Records supplied below:
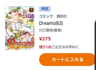 油断したぁ! dreams61巻を買った時点では62〜64巻がある事を確認していたのですが…そろそろまとめ買いしようとしたら63巻だけ店舗受取不可に😭 再入荷を待って購入します🥲
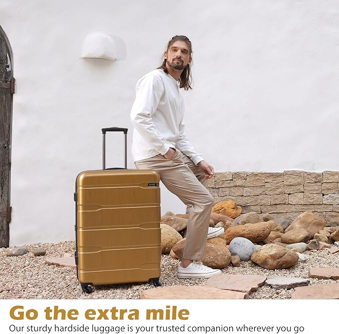 - The suitcase benefits hugely from its ABS+PC hard plastic shell. it goes through insanely strict quality control test standards, creating strong and sturdy pieces that can withstand any forms of rough handling.Please note this luggage is sold separately, but If you intend to buy two or three suitcases, the small suitcase can be stored inside the bigger one
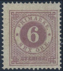 Sweden. Facit 31a ★, 6 öre red-lilac. Scarce shade. Opinion (shade) by O.P. SEK 4000
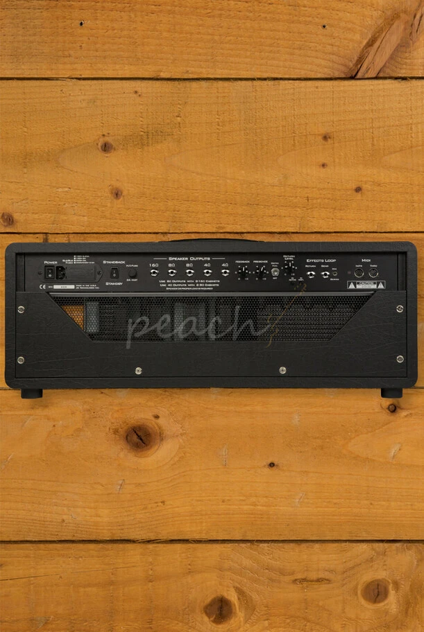 This 100 watt powerhouse is designed to be everything the modern touring player would need, unmatched versatility, monster tones and slick design. With 3 channels, it operates with a custom Plexi style transformer, four EL-34 power tubes and six 12AX7 preamp tubes.
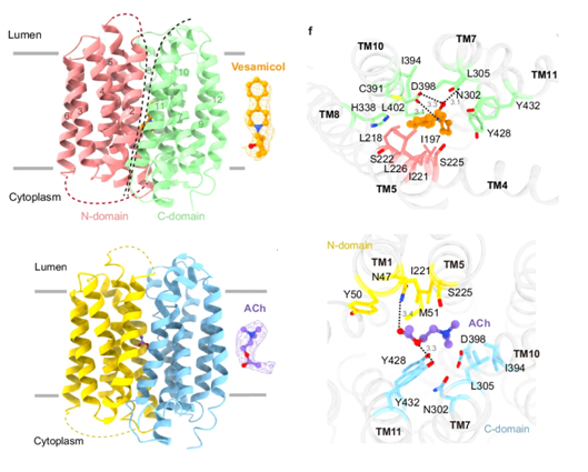 图1. VAChT识别抑制剂vesamicol和底物乙酰胆碱(ACh)的分子机制
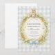 A charming vintage baby shower design featuring a sweet watercolor bunny resting above a delicate spring garden wreath. Soft daisies, greenery, and tiny carrots form a whimsical botanical frame, finished with a gentle ribbon bow and a soft blue gingham background. The storybook illustration style and pastel countryside palette create a timeless cottagecore aesthetic that feels warm, playful, and perfect for celebrating a new little arrival.
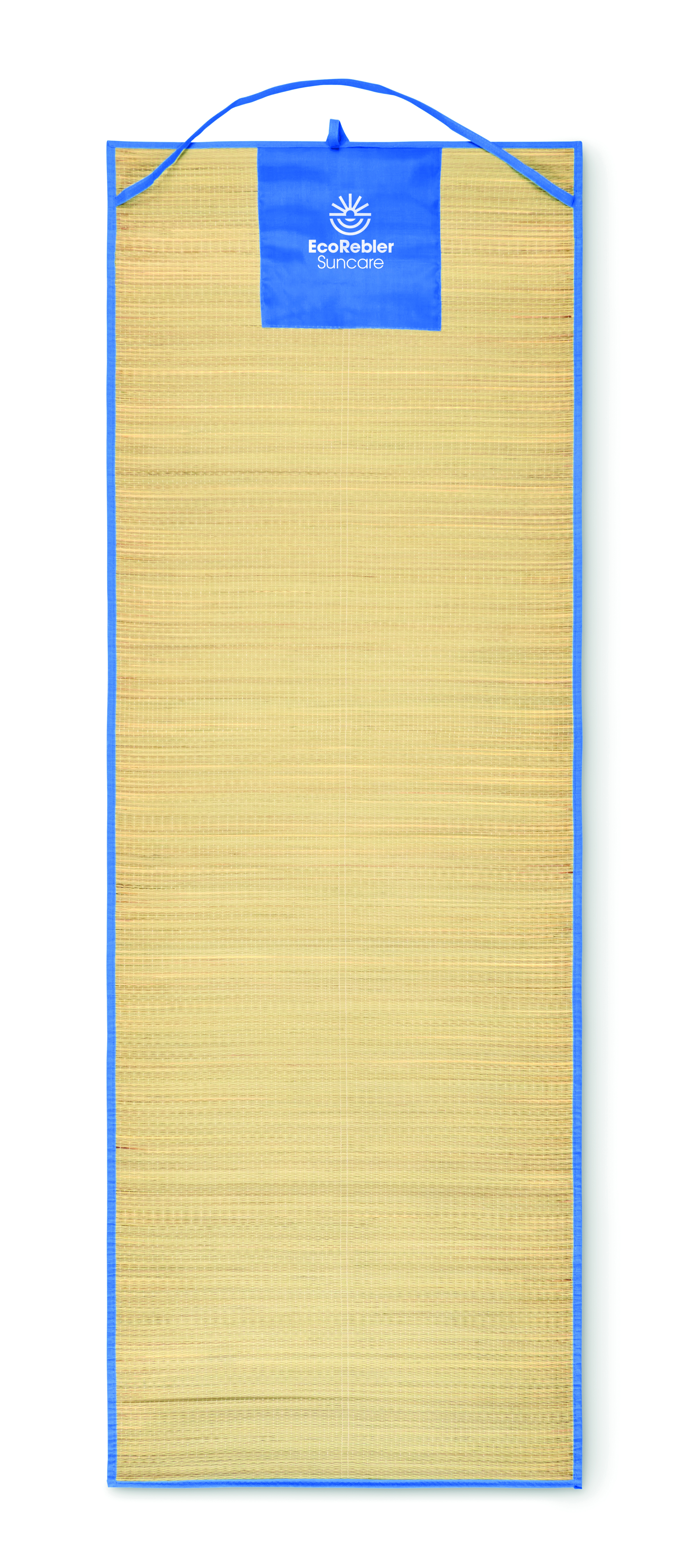 Zwijana mata plażowa z naturalnej słomy z poliestrowym paskiem do przenoszenia.
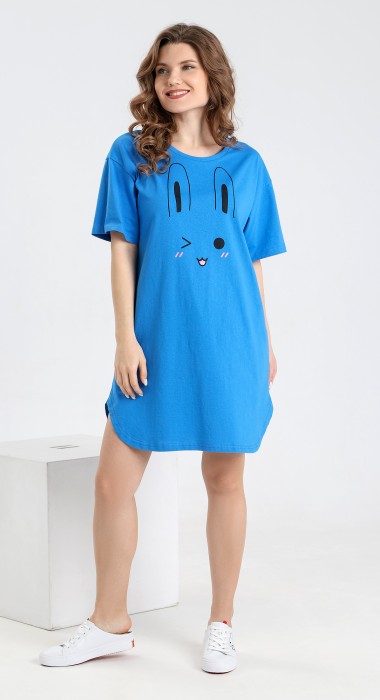 Туника молодежная из трикотажного полотна «кулирка» с набивным рисунком и принтом. Прямого силуэта, с коротким втачными рукавами, горловиной овальной формы, окантованной основным материалом, принт в технике «шелкографии» на полочке и фигурной линией низа.
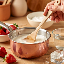 Delicate and creamy whipped cream served with seasonal strawberries — a simple, light, and impressive dessert perfect for May gatherings in the garden. The cream is stabilized with a small amount of gelatin, allowing it to maintain its fluffy texture even on a warm day and during transport to a picnic. The strawberries are briefly macerated with sugar and lemon, which enhances their aroma and gives the dessert a refreshing quality. You can serve the dessert in cups, jars, or as a layer on a plate; optionally, you can also prepare a quick rhubarb compote for a contrasting flavor. Visually, it is a red and white dessert — white, shiny cream and juicy red strawberries, garnished with a green mint leaf. Flavor: creamy, slightly sweet with a distinct fruity acidity.
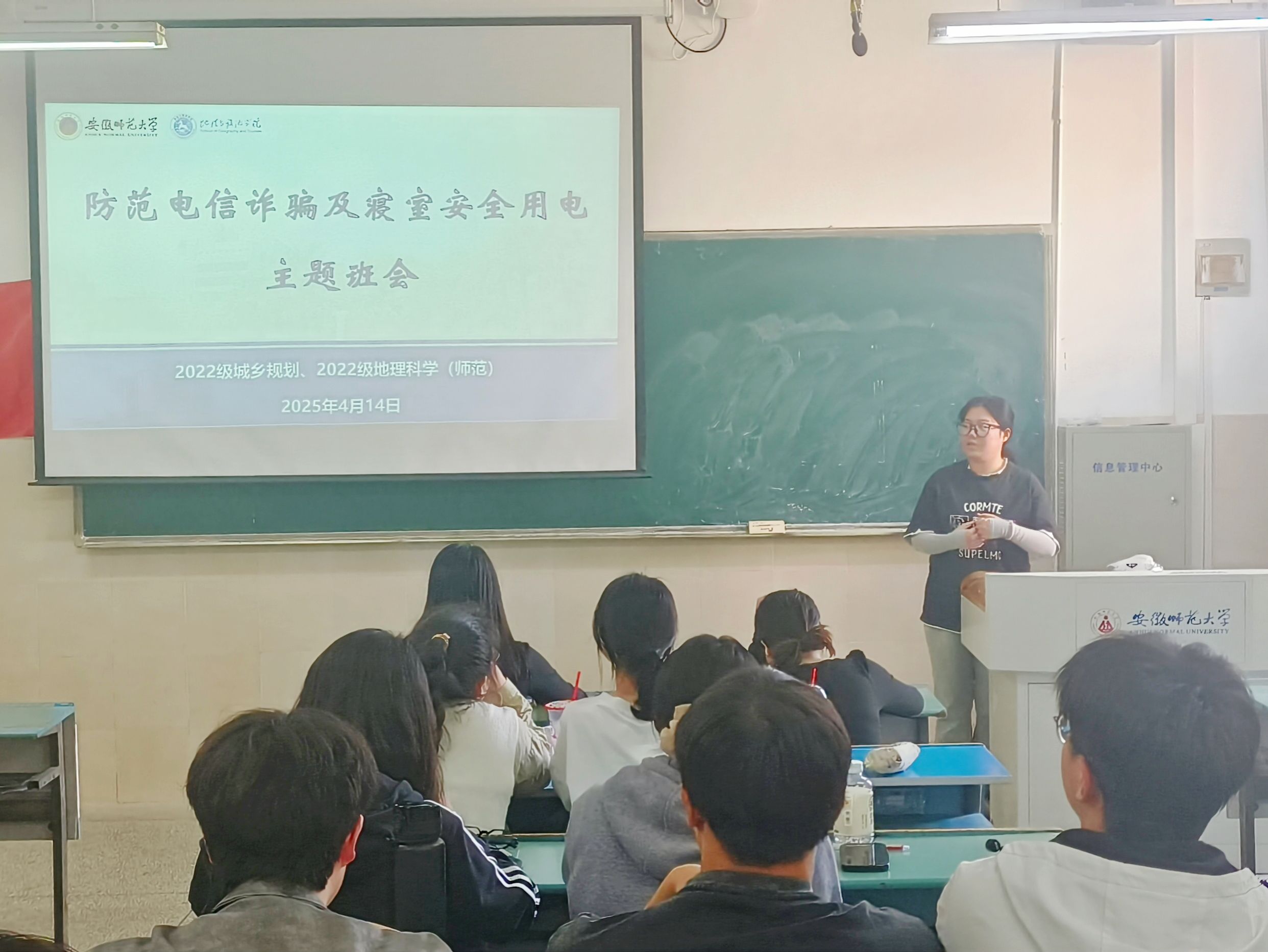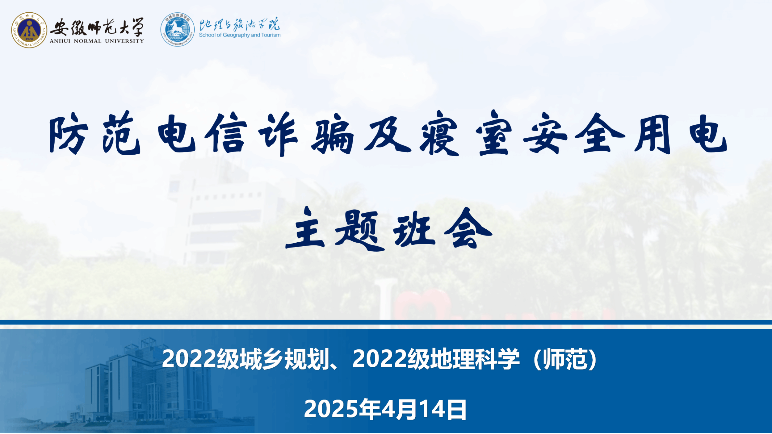 本网讯(王冰冰)为积极落实银河galaxy集团“大学生护航”行动计划,进一步增强学生防范电信诈骗的意识,加强寝室安全用电教育,提升同学们的安全防范意识,2025年4月14日,2022级城乡规划专业1班在行知楼2040401A召开防范电信诈骗及寝室安全用电主题班会,2022级城乡规划专业1班全体同学参加。班会由团支书王冰冰主持。
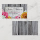 Schöne persönliche nennende Karten mit den rosa, weißen und gelben Blumen über einer Steinoberfläche, über verblaßten rustikalen hölzernen Planken und personalisiert mit Ihrem Namen, E-Mail und Telefonzahl.
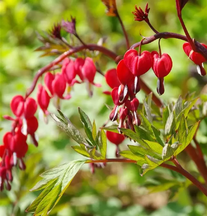 Blüte: rot, herzförmig, grünes Laub.
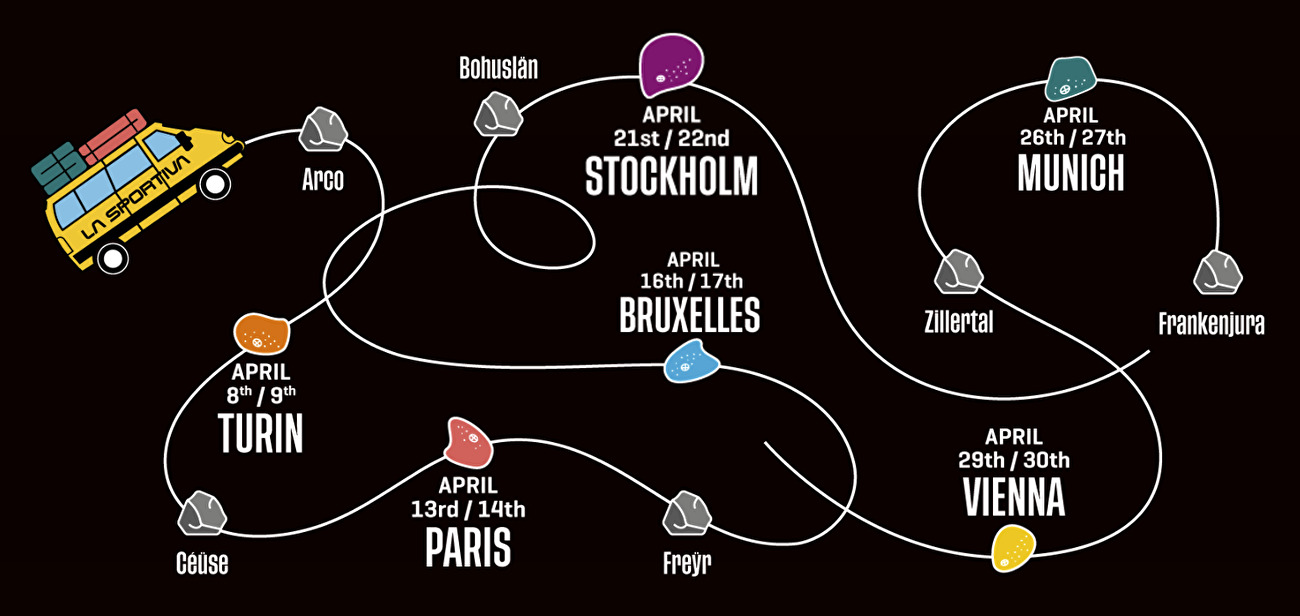 Il tour è guidato da alcuni tra gli atleti più rappresentativi di La Sportiva – Caroline Ciavaldini, James Pearson, Siebe Vanhee, Klaas Willems e Lara Neumeier – che ne diventano le voci narranti lungo le diverse tappe. Un percorso che mette in dialogo le due dimensioni fondamentali dell'arrampicata moderna – indoor e outdoor – avvicinando la scena delle palestre urbane alle radici outdoor che da sempre caratterizzano il DNA di La Sportiva.
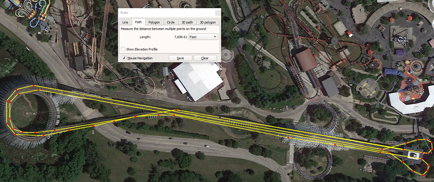 The big record could be track length. if this was a mobius loop, this could become the worlds longest roller coaster, which would be huge for a park like us! If we look at my bottom two attachments, this is the distance of both american eagle and steel dragon 2000 2d on google earth (credit to airboss for bringing this point up with me, and of course creating the pictures lol)
End of Records supplied.
In the records above, find the line with "Delicate and creamy". Print exactly from there through the line with "Schöne persönliche nennende", minus the pictures.

 Delicate and creamy whipped cream served with seasonal strawberries — a simple, light, and impressive dessert perfect for May gatherings in the garden. The cream is stabilized with a small amount of gelatin, allowing it to maintain its fluffy texture even on a warm day and during transport to a picnic. The strawberries are briefly macerated with sugar and lemon, which enhances their aroma and gives the dessert a refreshing quality. You can serve the dessert in cups, jars, or as a layer on a plate; optionally, you can also prepare a quick rhubarb compote for a contrasting flavor. Visually, it is a red and white dessert — white, shiny cream and juicy red strawberries, garnished with a green mint leaf. Flavor: creamy, slightly sweet with a distinct fruity acidity.
 本网讯(王冰冰)为积极落实银河galaxy集团“大学生护航”行动计划,进一步增强学生防范电信诈骗的意识,加强寝室安全用电教育,提升同学们的安全防范意识,2025年4月14日,2022级城乡规划专业1班在行知楼2040401A召开防范电信诈骗及寝室安全用电主题班会,2022级城乡规划专业1班全体同学参加。班会由团支书王冰冰主持。
 Schöne persönliche nennende Karten mit den rosa, weißen und gelben Blumen über einer Steinoberfläche, über verblaßten rustikalen hölzernen Planken und personalisiert mit Ihrem Namen, E-Mail und Telefonzahl.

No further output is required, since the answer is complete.